» PROMPT
The answer must consist solely of the lines from the line with "Kamiseta zabala. Mahuka" to the final line of the data below, reproduced exactly, pictures omitted.

━━━━━ SUPPLIED DATA

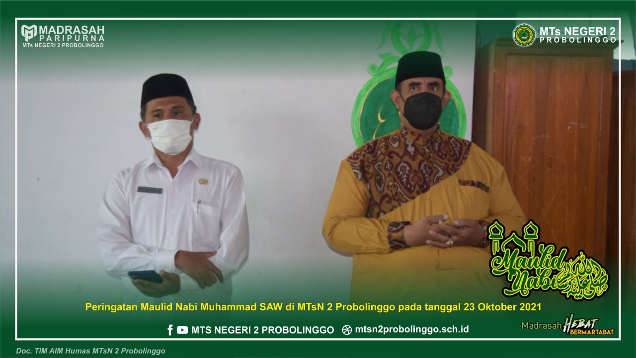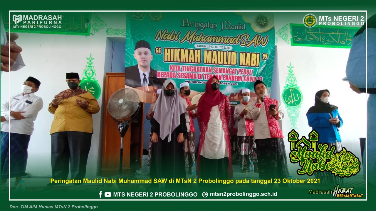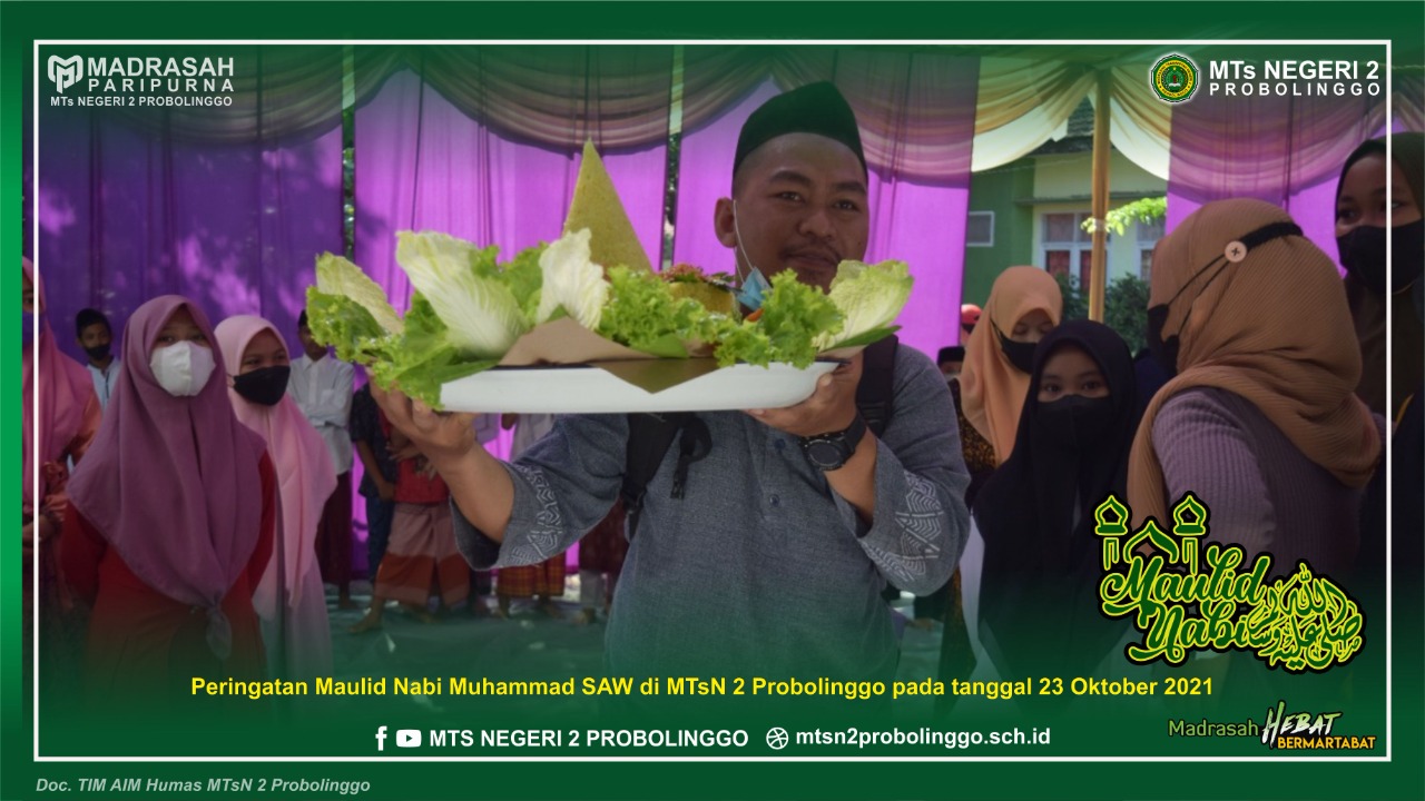 Dalam rangka meningkatkan Rasa Cinta terhadap Nabi Muhammad Saw, Madrasah Tsanawiyah Negeri 2 Probolinggo menggelar Peringatan Maulid Nabi, pada hari Sabtu, 23 Oktober 2021. Acara tersebut digelar di Musholla Lokal Utara diikuti oleh seluruh keluarga besar MTs Negeri 2 Probolinggo dengan tetap mematuhi protokol kesehatan.
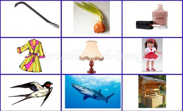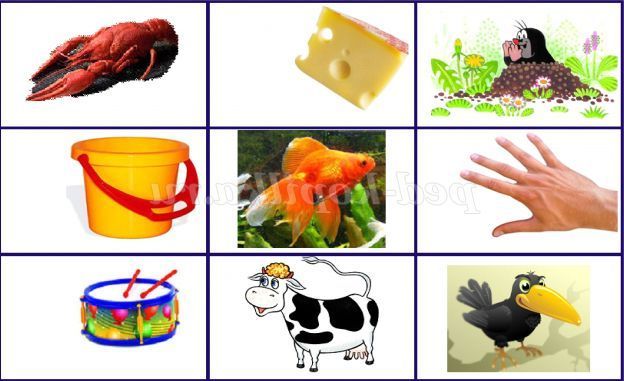 Дитина: кріт, сир, рак, рука, риба, відро, ворона, барабан, корова.
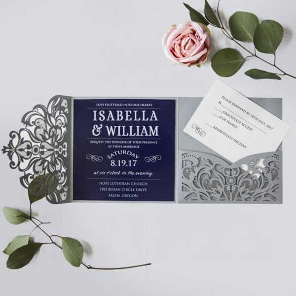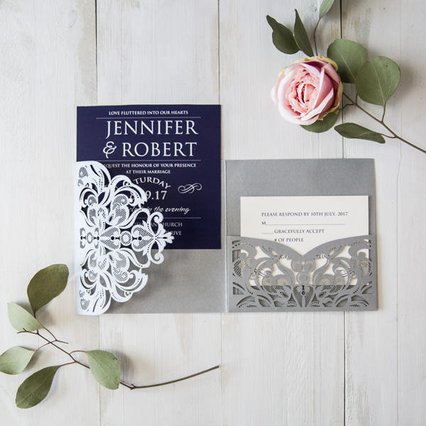 Invitations de mariage de dossier de poche à trois volets bleu marine et argent découpées au laser florales gracieuses
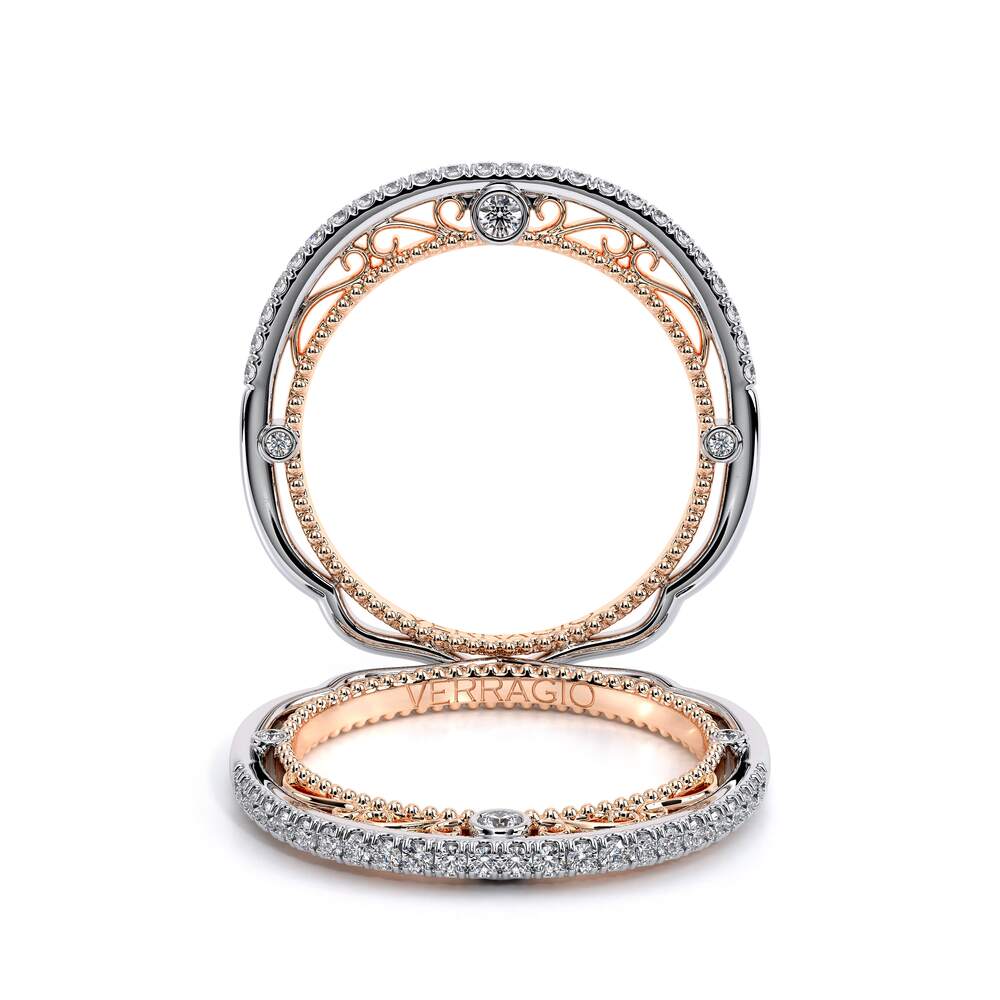 VENETIAN-5051WSB from the Venetian Collection features a delicate straight band set with round brilliant diamonds. The inside profile showcases three bezel set round diamonds on each side infused with lace and signature beading.
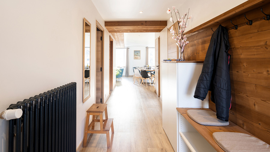 - Chauffage par chaudière à granulés alimentant d’authentiques radiateurs en fonte pour une chaleur douce
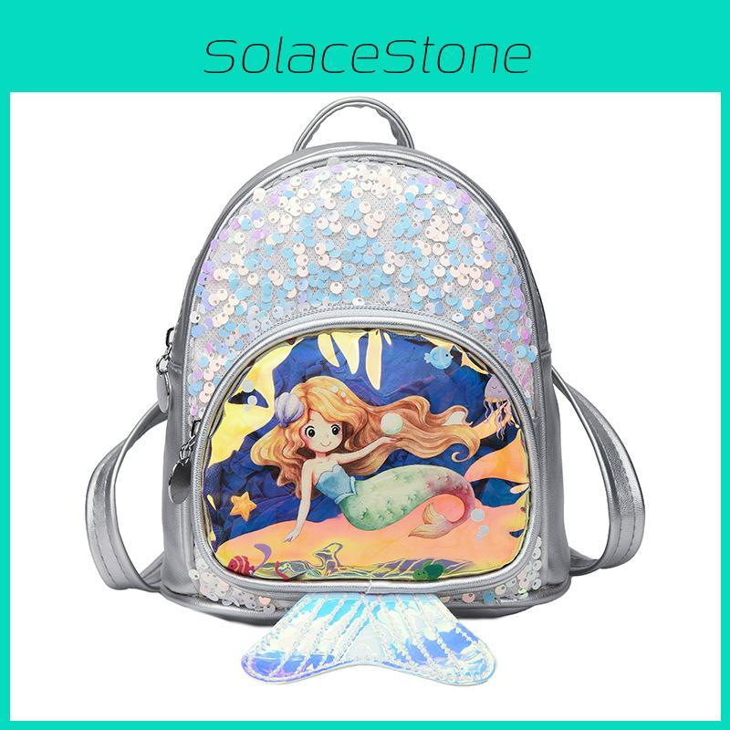 Kids Mermaid Backpack Pu Glitter Sequin Cartoon Girls School Bag For Girls
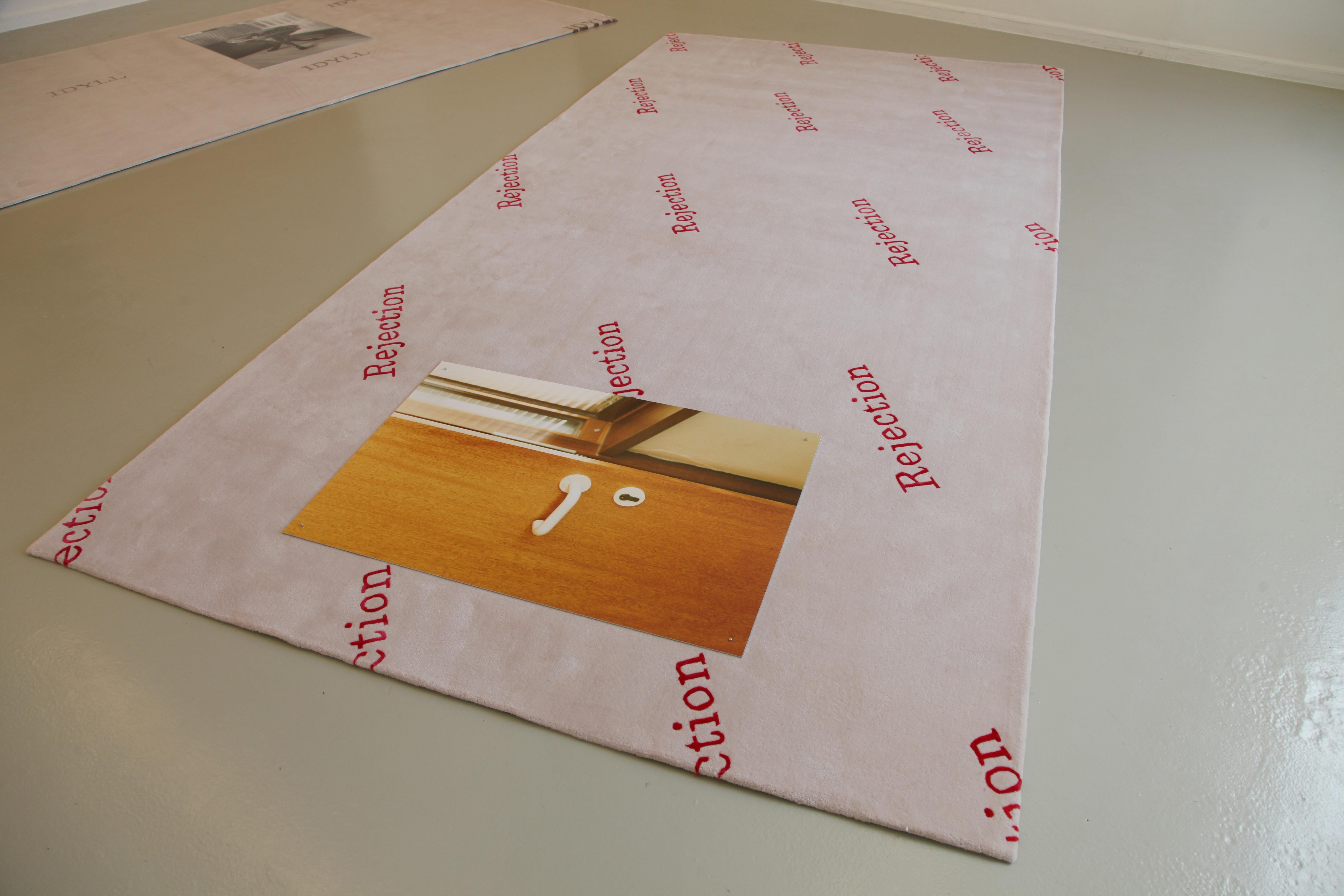 Rejection – eine Zurückweisung, sprich abgelehnt zu werden oder eine Absage zu erteilen. Also eine passive oder aktive Position innehaben? Die Abweisung als (vorweggenommene) Reaktion, aus Angst vor einer Abfuhr, ein Moment der Wiederholung – ein Kreislauf beginnt. Diese Choreografie ist dem sozialen Miteinander immanent, sie entsteht zwischen Nähe und Distanz, einem Innen und Außen, einem Selbst und dem Gegenüber. Auch der Teppich versinnbildlicht diesen Dualismus, indem er zwei sich gegenüberliegende Welten auf einer metaphorischen Ebene verhandelt: Wie ein symbolischer Träger verbindet er den privaten Raum durch seine einladende Geste mit einer Öffentlichkeit. Er ist oft weich, lässt sich betreten und auf sich sitzen oder dient der Gemütlichkeit als Komplize im Erzeugen von sozialer Wärme. Seine Farben und Muster haben Bedeutung, neben kulturellen Hintergründen geben sie ästhetische Vorlieben preis.
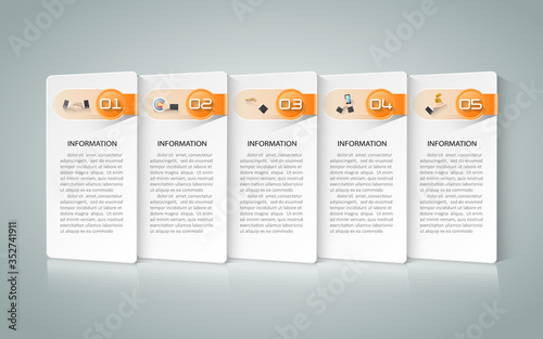 Design infographic template 5 options. Business concept can be used for workflow layout, diagram, number options, timeline, steps, demo infographic
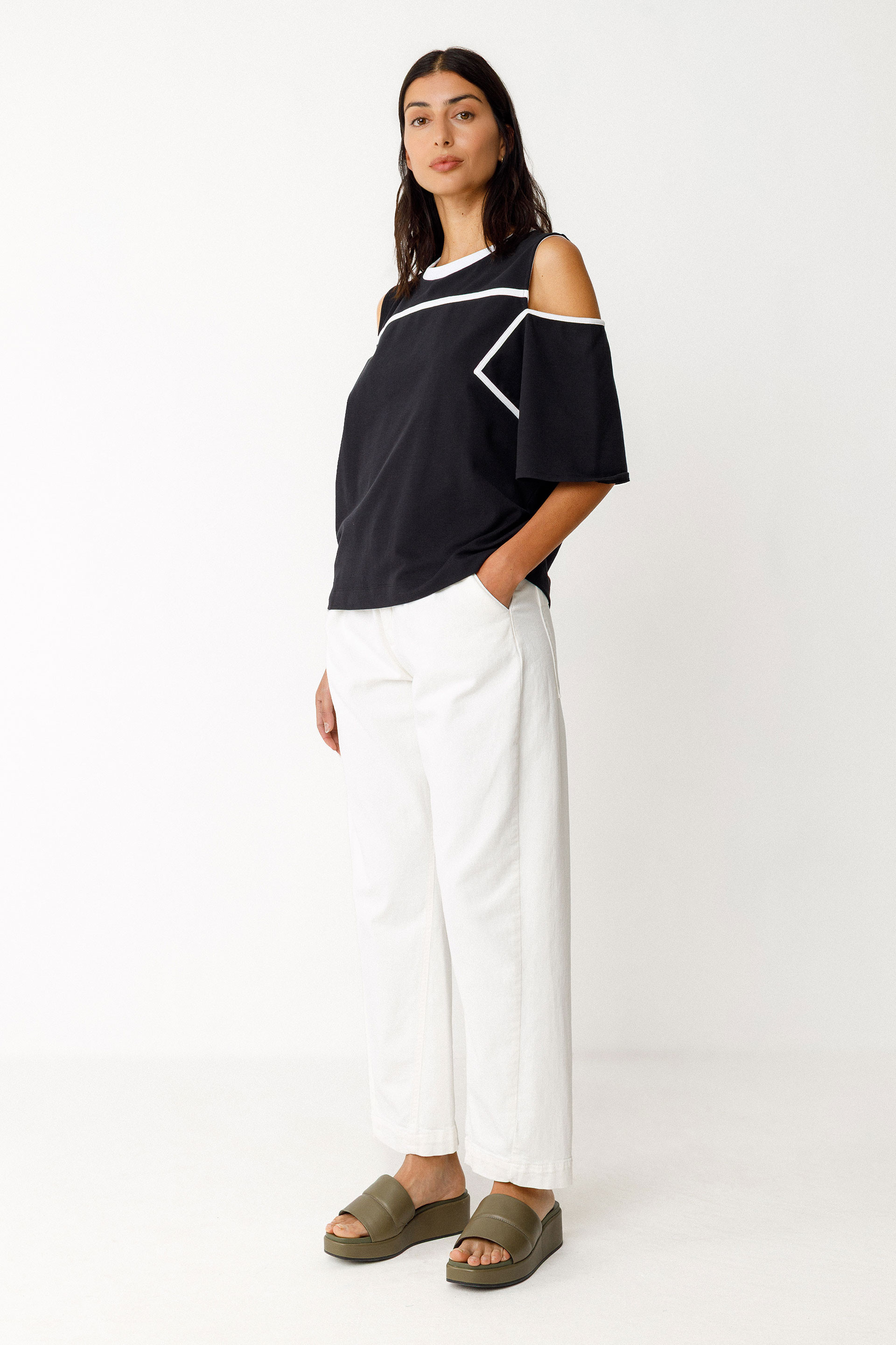 Kamiseta zabala. Mahuka motza eta lepo biribila. Kontraste egiten duen atzera-puntada batekin apaindutako irekidura txikiak sorbaldetan.
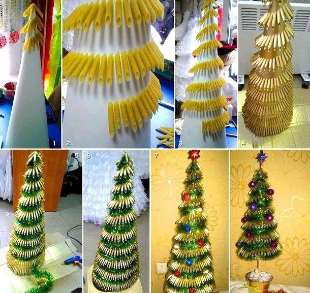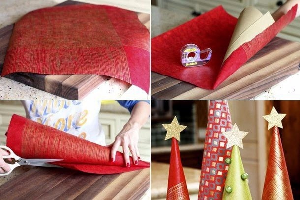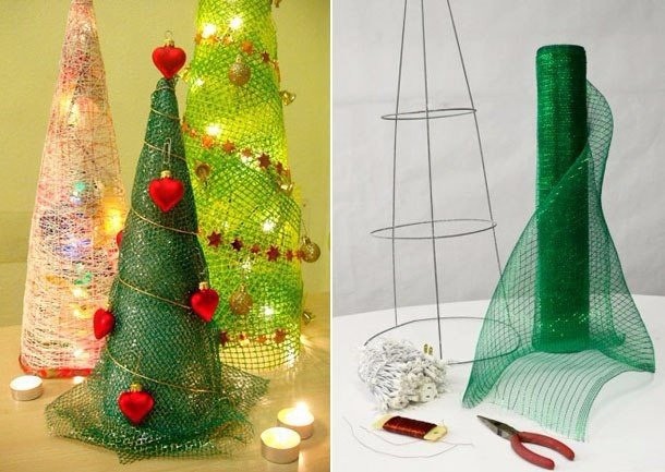 Новогодние елочки своими руками могут быть сделаны как на основе картона, так и на каркасе из проволоки.

━━━━━━━━━━

» TASK OUTPUT
 Kamiseta zabala. Mahuka motza eta lepo biribila. Kontraste egiten duen atzera-puntada batekin apaindutako irekidura txikiak sorbaldetan.
 Новогодние елочки своими руками могут быть сделаны как на основе картона, так и на каркасе из проволоки.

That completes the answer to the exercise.